Тонул в снегу предсмертный хрип, —
Разверстыми от скорби ртами
Напоминая жалких рыб.
И мы не ведали, что будет,
Но знали: будет уж не так;
Мечтали о покое люди —
Хотя бы только «на пятак».
Но им, какое дело было
До тех, кто нес для них оброк:
Они с двойной идейной силой
Делили лакомый пирог;
В дерьме друг дружку волочили,
И воздух портя, и сопя…
Пахана вдруг разоблачили —
Так испугались за себя.
И тут же снова на попятный —
Закономерность ведь ясна:
И на вожде бывают пятна,
А без вождей самим хана.
Мне дан с рожденья некий скепсис,
Не расстаюсь с тех пор я с ним,
Он мне твердит: «У нас ведь сепсис,
И он, увы, неизлечим…»
Но с этой думою отчаянной
Мне было легче, чем тому,
Кто, как и ты, наивно чаял,
Что приоткроют нам тюрьму.
* * *
Не претендуя на лавры гоголевского Поприщина и стараясь особенно не выкобениваться, хочу все же пометить дату следующей моей записи вот так (пишу ведь сразу почти за три месяца):
Мапремая, 42-го числа, между днем и ночью
Как глупо! Взял и поссорился с Риммой. Вернее, допек до того, что она сказала: нам лучше прекратить отношения. А меня как раз «отношения» весьма устраивали. После Киры не было так хорошо ни с кем. Но с Кирой не виделись уже около трех лет, она, я слышал, замуж вышла…
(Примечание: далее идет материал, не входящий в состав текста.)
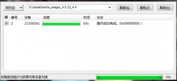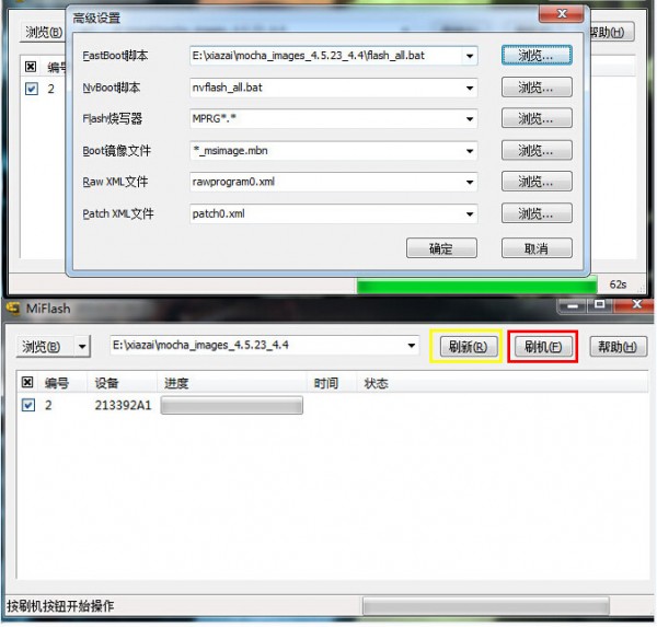 点击黄色圈选部分刷新,刷机程序会自动识别手机,点击浏览旁的向下箭头,选择高级设置——选择fastboot刷机脚本为ROM路径中flash_all.bat,点击红色圈选部分刷机开始刷机。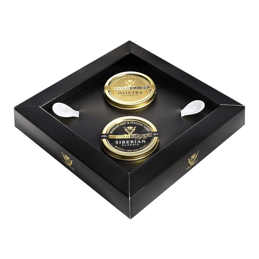 Il miglior modo per conoscere i sapori racchiusi nel caviale firmato Caviar Giaveri, in tutte le sue varietà: per voi e i vostri ospiti abbiamo creato l’esclusivo Luxury box The King and the Queen, degustazione di 2 caviar cru. Perfetto per accompagnare un elegante appuntamento o un party raffinato, rappresenta un piacevole percorso gustativo alla scoperta delle differenti qualità percettive che ogni varietà di caviale esprime.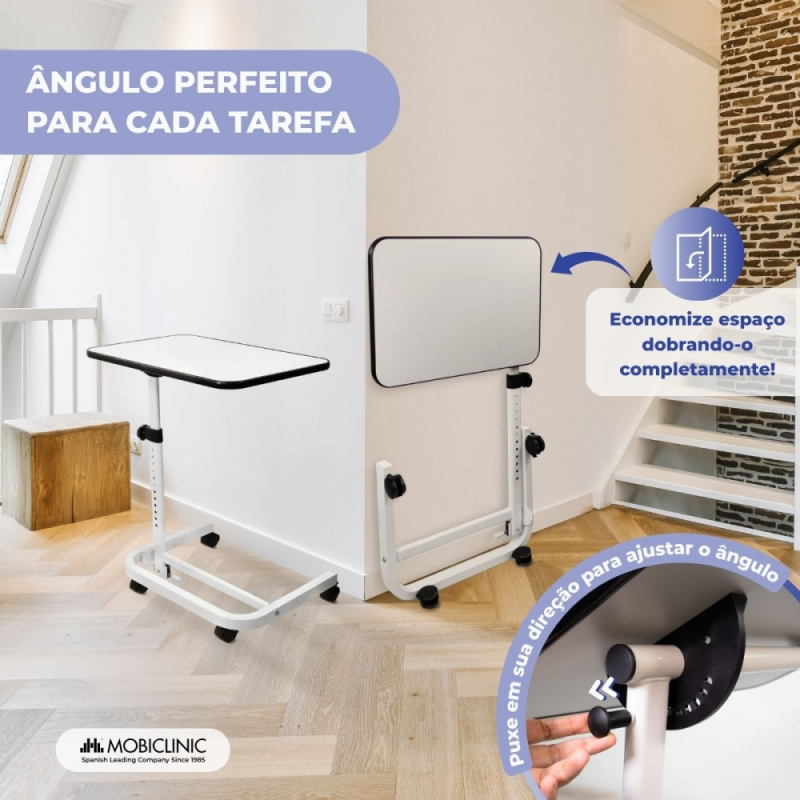 Mesa lateral ajustável | 9 alturas | Tampo inclinável | Dobrável | Rodízios com freio | Base C | Cumbre | Mobiclinic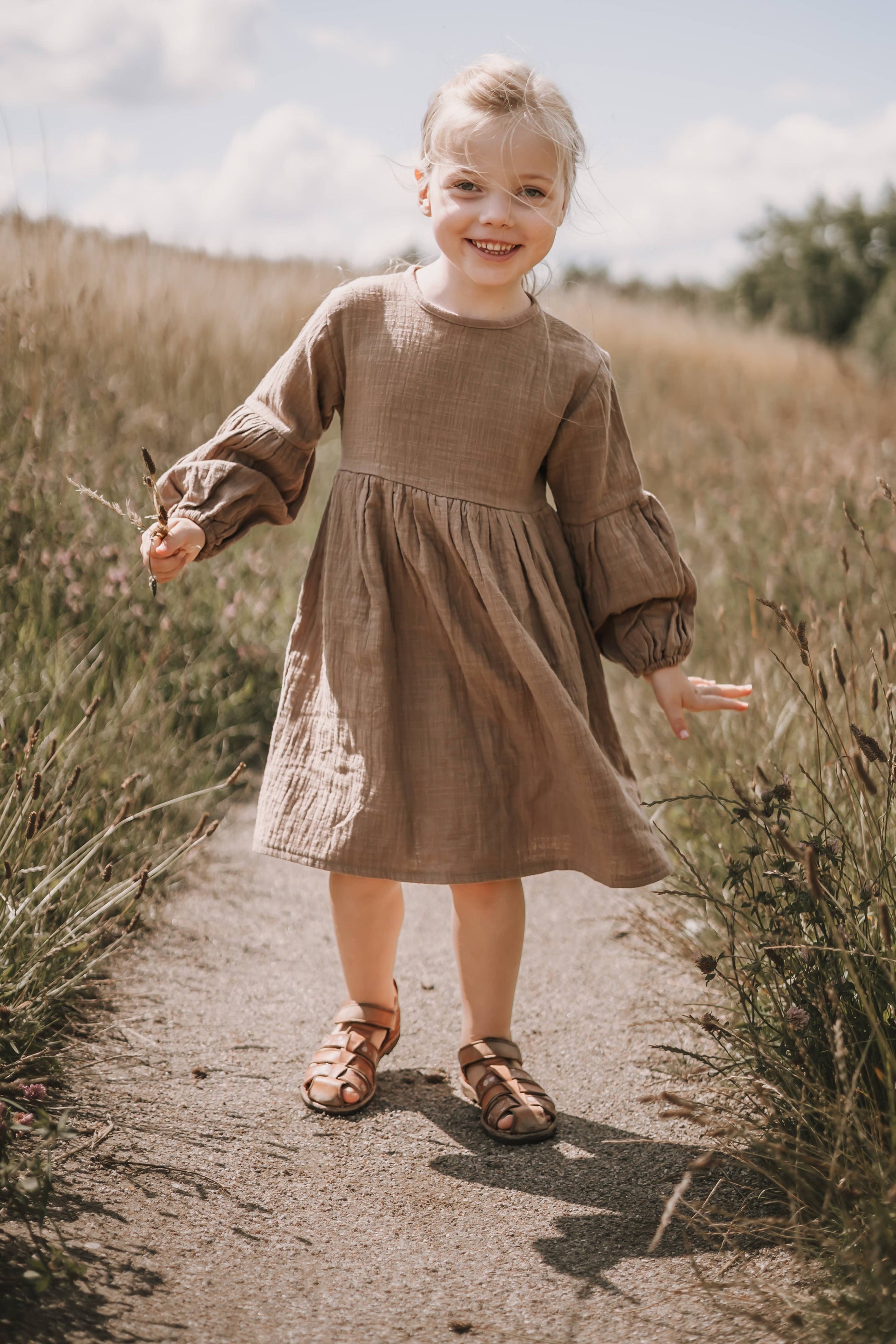 Delightful organic cotton dress available in two different earth tones. Material: 100% organic cotton.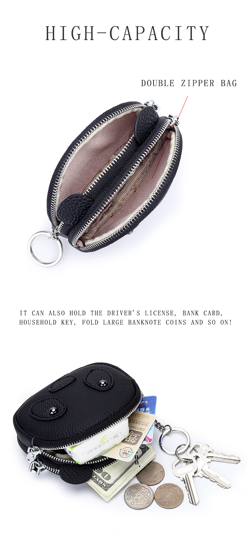 雀说 头层牛皮女零钱包双层拉链收纳包YT-26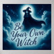 This whimsical poster features a mysterious witch in a flowing black dress and pointed hat stands against a glowing full moon, surrounded by stars and clouds, inspiring self-empowerment. Finished as a mixed media art print.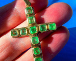- Earth mined Emerald Deco Cross Pendant Elegant Solid 18k Gold Medallion Gift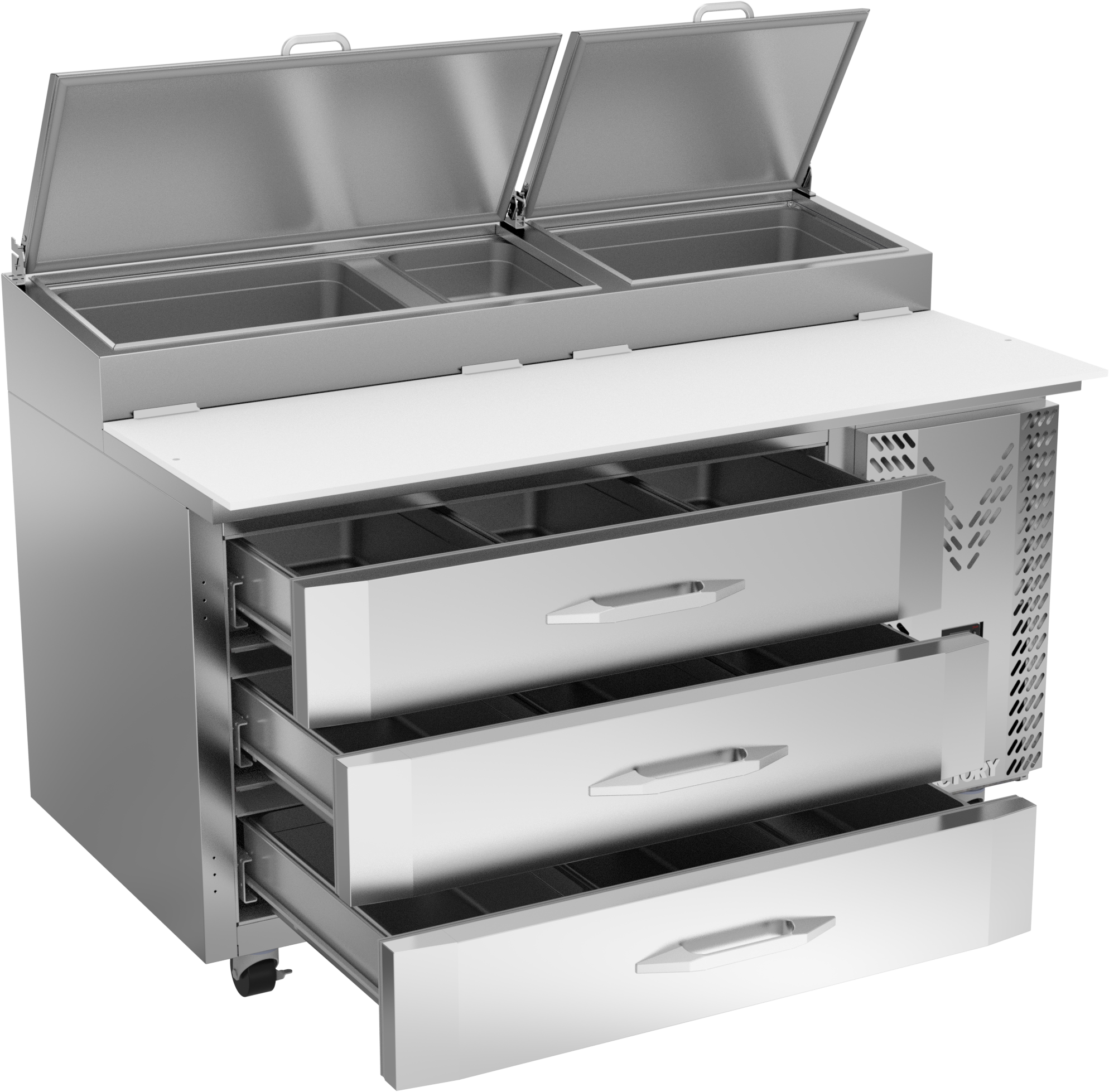 Available in door or drawer configurations, door models are set on cartridge style hinges, with a stay-open feature for easy product loading. Door and drawer configurations have a one-piece, snap-in gasket. Both pan opening and lower drawers (drawer units) accommodate 6-inch deep food service pans with locking divider bars and a removable 19-inch cutting board for quick and easy cleaning.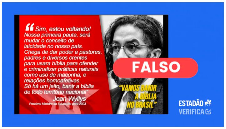 Estadão Verifica: É falso que Jean Wyllys tenha dito que pretende banir a Bíblia do Brasil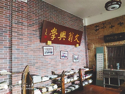 曾在大企业工作多年,让文盛飞有了更广博的见识。他用心“雕琢”溪边村的每个角落,让这里更有文化气息。村中的一栋传统瓦房建筑就是溪边书屋。书屋大厅正中间挂着木刻临摹的唐代画圣吴道子所绘孔子像,画像旁边木刻拓印的是东晋书法家王羲之书写的对联——“文章移造化,忠孝作良图”,圣人、画圣和书圣在书屋内“相聚”,足见书屋运营者的用心。溪边书屋的大门是敞开的,这里既是万宁市图书馆溪边分馆,也是村里的党员夜校教学点和溪边小学实践基地。书屋里摆放着两张大长桌,散发着浓浓的墨香。文盛飞说,村里的孩子每周都要在这里练书法,“我们合作社专门请来书法老师,孩子们学了两年,字都写得有模有样了。”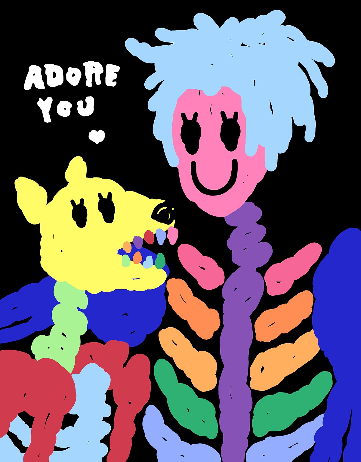 有別於其他件作品常使用的線條勾邊,這件作品朱晨維嘗試以單純色塊呈現整個畫面,並運用高彩度的顏色凸顯主要物件,與背景低彩度的黑形成強烈對比,試圖加深人類與狗之間的情感關係。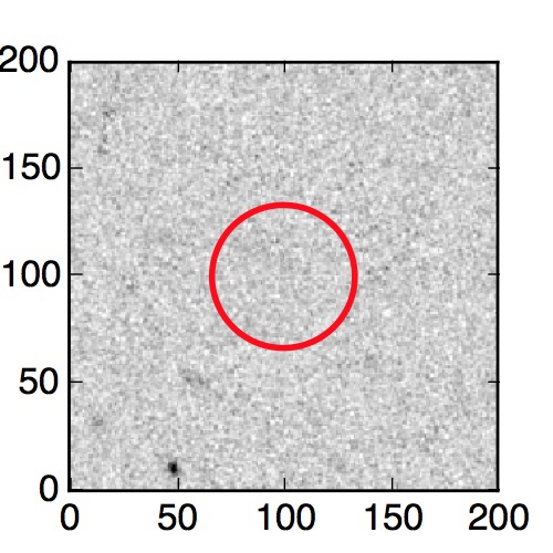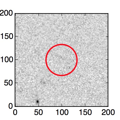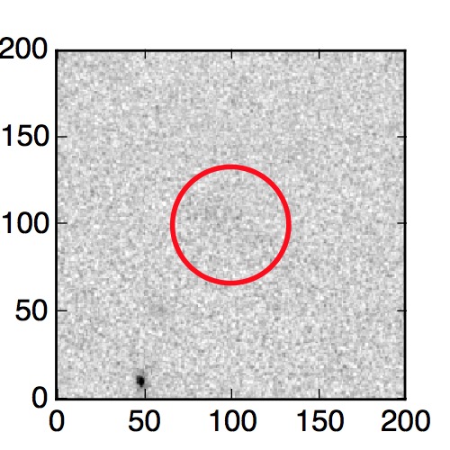 The red circle in the various panels is 1" in radius. The images are 6"x6".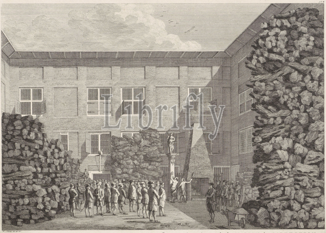 View, courtyard, Rasphuis, Amsterdam, Hermanus Petrus Schouten, Hermanus Petrus Schouten, c, 1770 - 1783, View, courtyard, Rasphuis, Amsterdam, stacks, wood, men watch, prisoner, given, rod under, statue, Justitia, scene, title, Latin, Dutch, Numbered, upper right corner, 32*, print maker, Hermanus Petrus Schouten, intermediary draughtsman, Hermanus Petrus Schouten, mentioned, object, publisher, Pierre Fouquet, mentioned, object, Amsterdam, c, 1770 - 1783, paper, etching, engraving, h 280 mm × w 379 mm

Разговор с Риммой произошел на скамейке все того же Гоголевского бульвара, порядком истоптанного нами за последние месяцы, и слова эти вырвались у нее не случайно, а, как мне казалось, стали результатом предварительных размышлений, после которых она и произнесла:
– Нам не надо больше встречаться, Юра.
– Почему? – тупо спросил я, хотя несколько дней назад она уже высказывала похожую мысль, правда, не с такой определенностью.
– Потому что больше не могу.
Сказала и умолкла, и я молчу, так как не знаю, что ответить, возразить. А что возразишь? Хозяин – барин. А хозяйка – барыня…
Но что же получается?.. – продолжал я растерянно размышлять, глядя на начинающие прозрачно зеленеть деревья. Опять я – после того, как ушел от Мары, чему косвенно способствовала, а вернее, ускорила этот уход моя сокурсница Кира, и после того, как расстался с Кирой, – оказываюсь, так сказать, «на выданье». В одиночестве. Однако в первом случае переносить его было, в некотором смысле, проще: меня так потрясла тогда попытка Мары отравиться (или инсценировка, как уверяют некоторые, – но какая разница, я тогда не анализировал), и я был в таком состоянии, что долгое время не мог вообще думать о женщинах. Говорю о близости, понимаете?.. Но теперь-то я ведь давно «разговелся», и что же? Снова пост? Или снова суетиться – искать, перебирать, не находить того, что ищешь, что может зацепить за душу и за прочие места. И чтобы не на один вечер. И не на два…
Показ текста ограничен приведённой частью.